The small, ingestible voltaic cell is sustained by the acidic fluids in the stomach. (Credit: Diemut Strebe)
Researchers from MIT and Brigham and Women’s Hospital in the US have designed and developed an indigestible electronic device that is powered by stomach acid.
According to the team the system is able to generate enough power to run small sensors or drug delivery devices for extended periods of time, and could lead to novel ways of monitoring patient health and treating disease.
Ingestible medical devices are usually powered by small batteries, but these self-discharge over time and can pose safety risks for patients.
In an effort to develop an alternative approach the team took their initial inspiration from the so-called lemon battery, a simple voltaic cell consisting of two electrodes stuck in a lemon. The citric acid in the lemon carries a small electric current between the two electrodes.
To replicate that strategy, the researchers attached zinc and copper electrodes to the surface of their ingestible sensor. The zinc emits ions into the acid in the stomach to power the voltaic circuit, generating enough energy to power a commercial temperature sensor and a 900-megahertz transmitter.
In tests in pigs, the devices took an average of six days to travel through the digestive tract. While in the stomach, the voltaic cell produced enough energy to power a temperature sensor and to wirelessly transmit the data to a base station located 2 meters away, with a signal sent every 12 seconds.
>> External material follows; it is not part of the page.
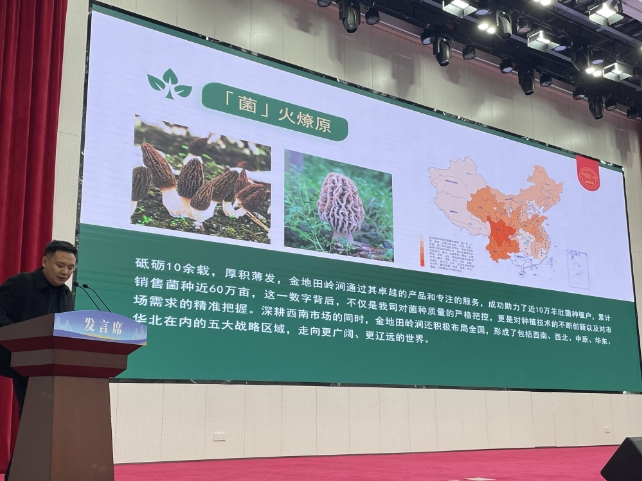 四川金地田嶺澗生物科技有限公司總經理何金龍作“羊肚菌菌種經營服務新模式及產品營銷”的分享,側重介紹了公司的技術優勢及服務模式。

Once the device moved into the small intestine, which is less acidic than the stomach, the cell generated only about 1/100 of what it produced in the stomach.
The current prototype of the device is a cylinder about 40 millimetres long and 12 millimetres in diameter, but the researchers anticipate that they could make the capsule about one-third that size by building a customised integrated circuit that would carry the energy harvester, transmitter, and a small microprocessor.
Once the researchers miniaturise the device, they anticipate adding other types of sensors and developing it for applications such as long-term monitoring of vital signs. “You could have a self-powered pill that would monitor your vital signs from inside for a couple of weeks, and you don’t even have to think about it. It just sits there making measurements and transmitting them to your phone,” said MIT postdoc Phillip Nadeau, lead author of a paper on the work, which appears in the Feb. 6 issue of Nature Biomedical Engineering.